Я смотрела на маму как на безумную, а она, схватив меня за руку, поспешно увела в дом.
Лёнечка появился у нас опять в начале декабря, тогда, когда я уже начала считать его призраком. Он стоял на пороге — бледный, гладко выбритый, в белоснежном воротнике под мешковатым серым пальто. Кудри его куда-то подевались, и лицо вырвалось вперед, как утес над морем, — узкое, утонченное, с широким размахом черных бровей, глядя на которые трудно было решить, что важней — глаза в иголках ресниц и с иголками во взгляде или брови. Он предложил мне совершить с ним, как он выразился, «очень важную для него прогулку».

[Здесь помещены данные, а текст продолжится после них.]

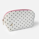 Material | 100% cuero floater hueso con estampado de puntos negros |
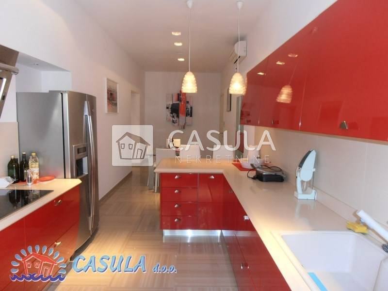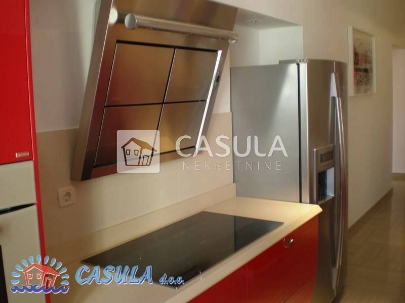 STAN JE NEDAVNO IZ TEMELJA UREĐEN A PRI UREĐENJU PAZILO SE NA SVE DETALJE. KOMPLETNA STOLARIJA RAĐENA JE PO MJERI (ARIŠ). MODERAN NAMJEŠTAJ VRHUNSKE KVALITETE. SA TERASA SE PRUŽA PREKRASAN POGLED NA MORE. U SKLOPU OKUĆNICE STAN IMA LJETNU KUHINJU S VELIKOM TERASOM (35 M2). PRVORAZREDAN STAN. GARAŽA 13 m2.
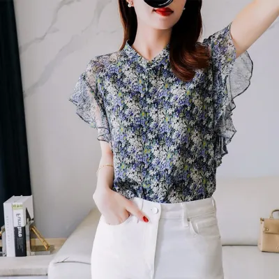 レディース チュニックトップス フローラルプリント シフォン風 巻き袖 キュート系
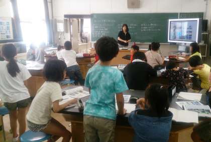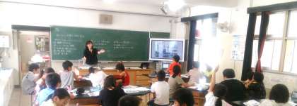 5年生の理科で、「ひろいはんいの雲と天気の変化」の学習に取り組んでいます。子どもたちは、調べて気づいたことを発表しています。

Зима стояла торжественная, как свадебный зал. Свежий снег скрипел под ногами, и невидимые шары морозного воздуха небрежно били по щекам. Я чувствовала, как шагает он внутри пальто — худой, и гибкий, и широкоплечий. За это время он нашел мастерскую и снова ее лишился. Так и не успел перевезти картины из Кишинева. Нашел новую хозяйку. Увлекся Врубелем. Врубель — величайший акварелист всех времен. Родился в Киеве. Малевич тоже родился в Киеве. Киев — город особенный. В Киеве родился великий философ Бердяев... Но пока мне еще расти и расти, потому что ничего-то я не знаю.
Идти рядом с Лёнечкой, несмотря на неуклюжие дутые сапоги, было головокружительно легко, и мне было, по сути, все равно, о чем он говорит, потому что, что бы он ни говорил, все это нечеловечески важно. И самое главное — слышать его голос, интонации, легкое покашливание.
Из-под ног бежала белая пустота, и все светилось и заливалось смехом, так что я и сама была готова разбиться об улыбку, которая время от времени вспыхивала на его теперь уже почти монашеском лице. Поземка под ногами обманывала равновесие, и не знаю, то ли поземка, то ли завораживающий звук Лёнечкиного голоса вызывали у меня головокружение. Мы долго петляли на горе у Бессарабки, потом вдруг оказались у памятника суровому Шевченко, прошли мимо красного здания университета и невесть каким макаром оказались у Анатомического театра.
— Вы знаете, что это за учреждение? — остановившись у самого крыльца и вдруг нахмурившись, спросил он.
— Простых смертных сюда не пускают. Но и бессмертным делать здесь нечего.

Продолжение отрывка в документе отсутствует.